Звонарев поступал так же. Порой сам забывал, на каком автомобиле сегодня приехал в ресторан, и со смехом говорил приятелям:
– Привет, пацаны! Забыл в тачанке барсетку, пошел на парковку, встал возле колес, жму на брелок, жму. Дверь не открывается! Я в непонятке. Тут подгребает Сенька Манин и спрашивает: «Чё мою колымагу открыть пытаешься?»
Я зырк на тачку и типа фигею! Ну ваще! Я ж вчера свой «Феррари» на «Бугатти» поменял, сейчас в манинскую телегу лезу, ну позабыл.
Первые российские бизнесмены, достигнув определенной планки финансового благополучия, живо меняли старых жен на юных блондинок, но Федор остался со своей Таней, которая была под стать муженьку. Они часто веселились вместе, Татьяна пила наравне с супругом, а потом садилась рядом в машину и приказывала:
– Втопи педаль! Жми на газ!
Большинство нормальных жен попытается отнять у потерявшего соображение супруга ключ или, сохранив трезвость, садится за руль. Но Таня не была обычной женщиной. Наоборот, она принадлежала к категории ненормальных, поэтому любую затею пьяного обормота приветствовала радостным гиканьем. Дочь Татьяна отдала профессиональным нянькам, по неделям не захаживала в комнату девочки, которой занимались знающие, но чужие люди.
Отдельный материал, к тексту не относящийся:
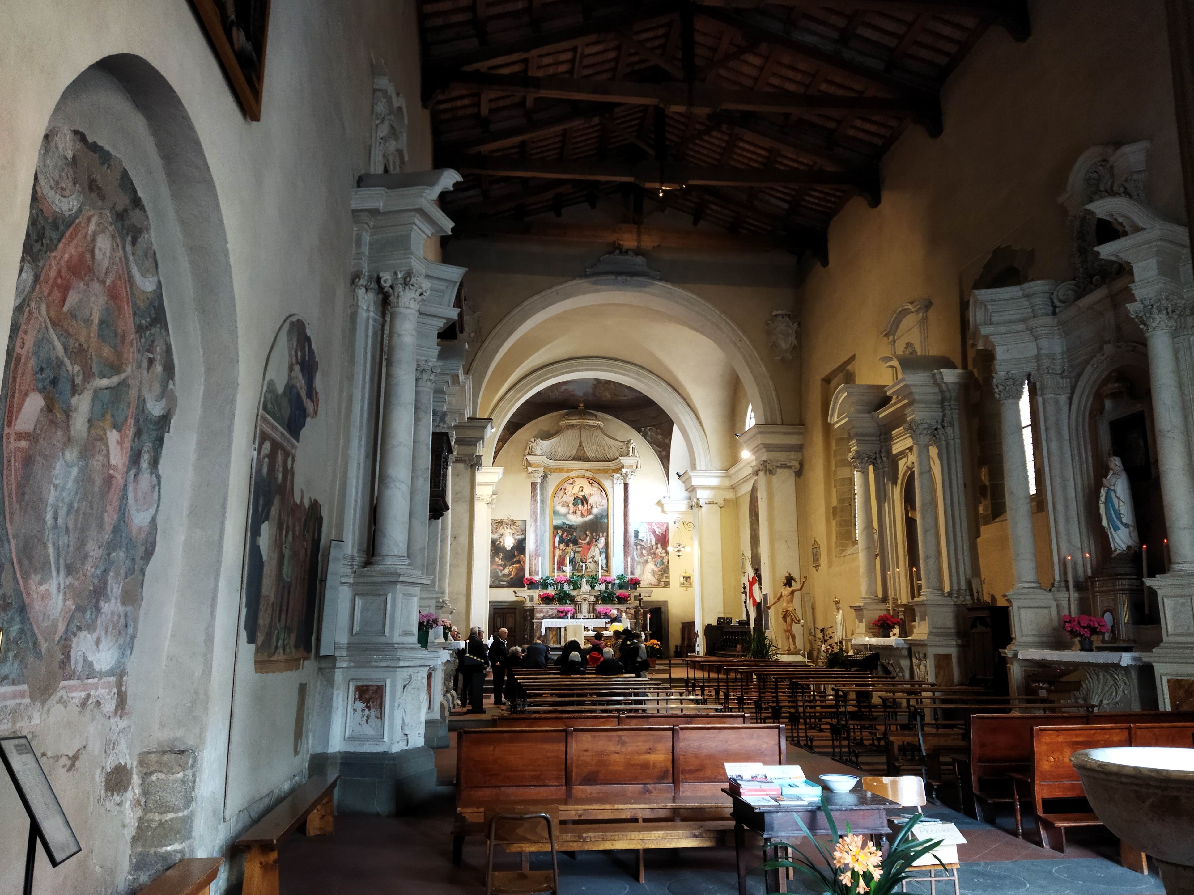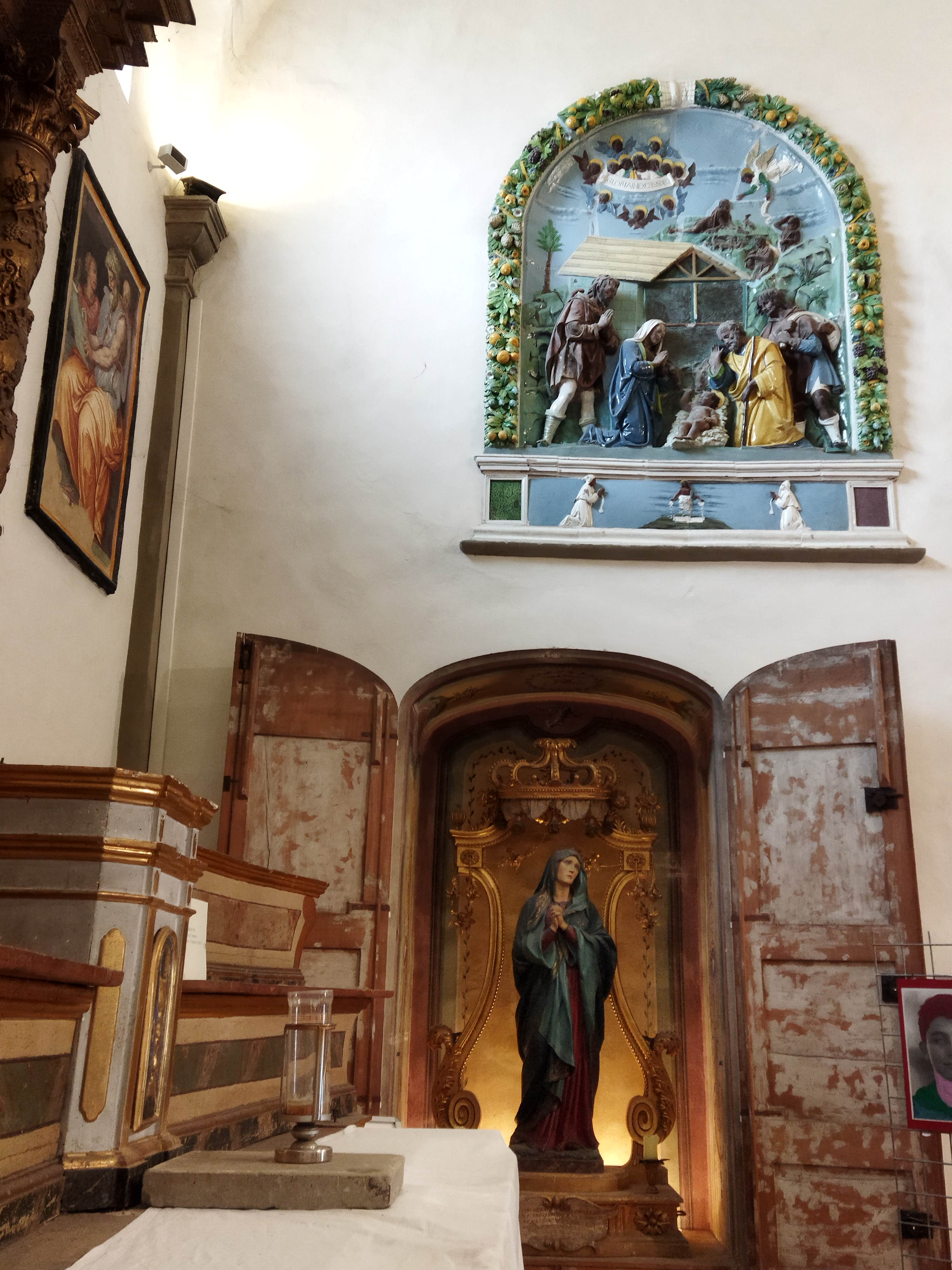 教会はその他にも、ディ・モンテ宮挟んでサンダゴスティーノ教会と逆側にあるミーゼリコルディア教会、そしてフィレンツェ門近くのサンタ・キアーラ教会があります。後者はロッビア工房の色彩テラコッタが数多く残っていますので、ロッビア工房ファンの方は必見。

У Звонаревых была целая армия ангелов-хранителей. Все их выходки заканчивались благополучно, но потом кто-то из покровителей на небесах замешкался, и гоночный автомобиль бизнесмена впечатался в бетонный столб.
За рулем находилась Таня, она погибла на месте. Федор не получил ни единой царапины. Когда сотрудники ГАИ вытащили его из покореженного салона, Федор… спал. Он был до такой степени пьян, что ничего не мог вспомнить даже спустя сутки. Когда мозг бизнесмена начал работать в привычном режиме и до него донесли весть о кончине супруги, Звонарев здорово перепугался.
С тех пор Федор не выпил ни капли. Он навсегда отказался от алкоголя, перестал гонять на машинах, остепенился и сейчас является образцом нравственности. Единственное, в чем можно его упрекнуть, это в чрезмерном честолюбии: Звонарев обожает красоваться перед телекамерами, готов бежать на любую передачу и рассуждать на все темы, не чурается участвовать в шоу с сомнительной репутацией и с радостью готов плясать на льду или бороться с быком. К слову сказать, телевизионщики обожают Федора, у него хорошо подвешен язык, нет ни малейшего смущения перед камерой, Звонарев всегда отлично одет, аккуратно подстрижен, позитивно настроен и старается понравиться всем: зрителям, операторам, режиссеру, гримерам и даже девочке, которая встречает гостей у входа в телестудию. Почему сказочно богатый человек ведет себя, словно школьник, которому дали возможность помахать друзьям с телеэкрана ручкой, совершенно непонятно. Надо просто воспринимать его непомерную жажду славы как должное.
Спустя год после кончины Тани Федя женился на диаметрально противоположной ей по характеру Оксане. А та быстро родила девочку, назвала ее несовременным именем Зинаида, выгнала из дома обнаглевшую от безнаказанности и отсутствия присмотра прислугу, стала сама твердой рукой вести хозяйство и заниматься детьми. Оксана оказалась отличной матерью, в меру требовательной, заботливой, ласковой, поощряющей детей за хорошие поступки и сурово пресекающей любые капризы. Но, к сожалению, у девочек был папа, который отчаянно их баловал. Мало того, что Федор покупал им не положенные в их возрасте вещи вроде бриллиантовых ожерелий, так он еще не забывал говорить про Надюшу:
– Бедняжка! У девочки нет матери! Надо ее радовать! Ребенок страдает!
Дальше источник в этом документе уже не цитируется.